I had gone with this in the end, building off of Madhivanan's suggestion. It's similar to what t-clausen.dk later suggested (thanks for your efforts) though I find the xml path style more elegant than cursors / rank partitions.
The following recreates the MasterView definition when run. All columns in the underlying tables are prepended with the table name, so I can include two similarly named columns in the view by default.

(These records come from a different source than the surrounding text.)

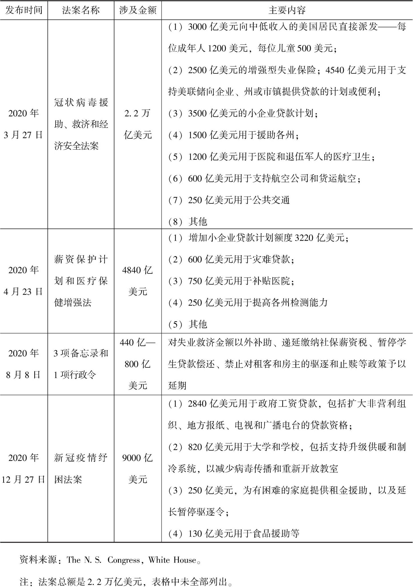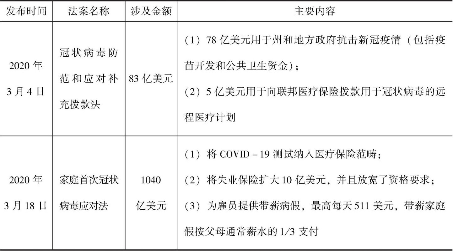 2020年3月4日,美国众议院引入《冠状病毒防范和应对补充拨款法》( The Coronavirus Preparedness and Response Supplemental Appropriations Act ),该法案在众议院获得通过,且民主党派在众议院将国会最初计划的25亿美元扩涨至83亿美元,随后,该法案在参议院获得通过。2020年3月18日,《家庭首次冠状病毒应对法》( The Families First Coronavirus Response Act )获得参议院通过,该法案侧重于补贴新冠疫情大流行对工人带来的经济损失。2020年3月27日,众议院以在线表决方式通过《冠状病毒援助、救济和经济安全法案》( The Coronavirus Aid,Relief and Economic Security Act ),同日,总统签署该法案生效。2020年4月23日,特朗普签署《薪资保护计划和医疗保健增强法》( The Paycheck Protection Program and Health Care Enhancement Act ),该法案没有设立新的支出项目,多数资金用于补充PPP额度,其余则用于公共卫生支出。此后,由于美国两党一直未能就新一轮刺激法案达成协议,而前期的部分政策项目已经到期,相关群体面临严峻的财务危机。因此特朗普动用其总统权力,在2020年8月8日签署了3项备忘录和1项行政令,对一些政策予以延期。
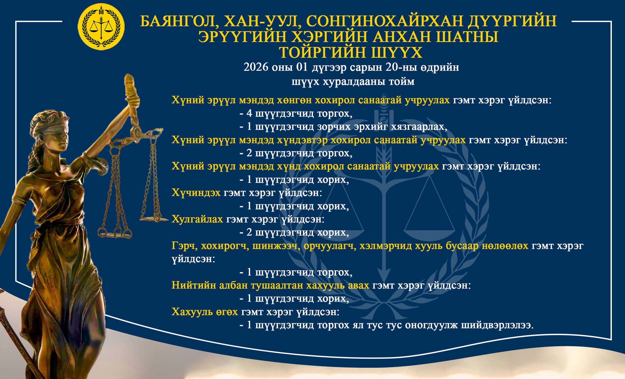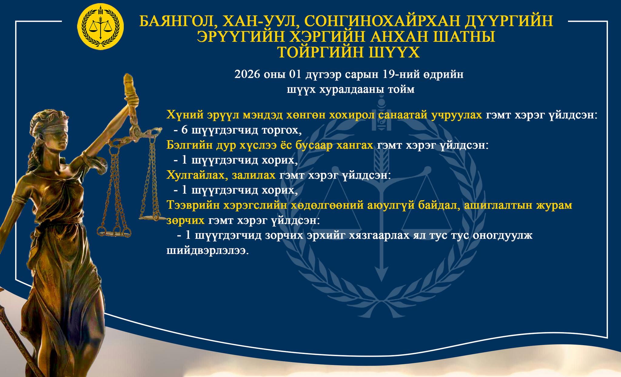 - БАЯНГОЛ, ХАН-УУЛ, СОНГИНОХАЙРХАН ДҮҮРГИЙН ЭРҮҮГИЙН ХЭРГИЙН АНХАН ШАТНЫ ТОЙРГИЙН ШҮҮХ ТОЙМ /2026.01.19-2026.01.20/
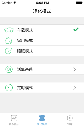 该App可以操控卡默空净进行模式选择,远程开关,以及启用活氧杀菌功能。
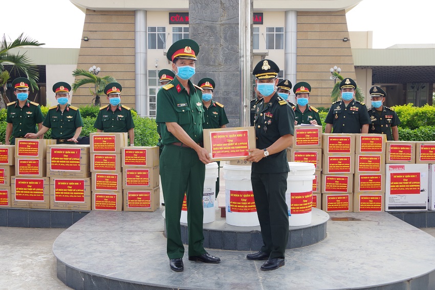 Thay mặt đoàn cán bộ Lữ đoàn Can thiệp số 1, Quân đội Hoàng Gia Campuchia Đại tá Long Na Rin, Phó Lữ đoàn trưởng, Lữ đoàn Can thiệp số 1 chân thành cảm ơn Đảng ủy, chỉ huy Sư đoàn 5, Quân khu 7 và chuyển thư cảm ơn của Đại tướng Prum Pheng, Phó Tư lệnh Lục quân, kiêm Lữ đoàn trưởng Lữ đoàn Can thiệp số 1, Quân đội Hoàng Gia Campuchia đến Thượng tá Lê Xuân Bình, Sư đoàn trưởng Sư đoàn 5 và các đồng chí trong chỉ huy Sư đoàn đã quan tâm hỗ trợ vật chất thiết bị y tế cho Lữ đoàn trong việc phòng chống dịch Covid-19.
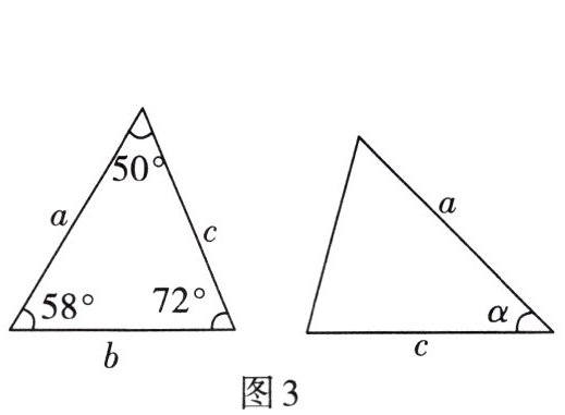 3. 已知图3中的两个三角形全等,则∠α的度数是(

This alone solves my original problem, but I also included the "WHERE column_name NOT IN" clause to specifically exclude certain columns that will never be used in the MasterView.
create procedure Utility_RefreshMasterView
as
begin
declare #entity_columns varchar(max)
declare #drop_view_sql varchar(max)
declare #alter_view_definition_sql varchar(max)
/* create comma separated string of columns from underlying tables aliased to avoid name collisions */
select #entity_columns = stuff((
select ','+table_name+'.['+column_name+'] AS ['+table_name+'_'+column_name+']'
from information_schema.columns
where table_name IN ('entity_1', 'entity_2')
and column_name not in ('column to exclude 1', 'column to exclude 2')
for xml path('')), 1, 1, '')
set #drop_view_sql = 'if exists (select * from sys.views where object_id = object_id(N''[dbo].[MasterView]'')) drop view MasterView'
set #alter_view_definition_sql =
'create view MasterView as select ' + #entity_columns + '
from entity_1
inner join entity_2 on entity_2 .id = entity_1.id
/* other joins follow */'
exec (#drop_view_sql)
exec (#alter_view_definition_sql)
end
If you have a Select * and then you are using the JOIN, the result might include columns with the same name and that cannot be possible in a view.If you run the query by itself, works fine but not when creating the View.
For example:
**Table A**
ID, CatalogName, CatalogDescription
**Table B**
ID, CatalogName, CatalogDescription
**After the JOIN query**
ID, CatalogName, CatalogDescription, ID, CatalogName, CatalogDescription
That's not possible in a View.
Specify a unique name for each column in the view. Using just * is not a very good practice.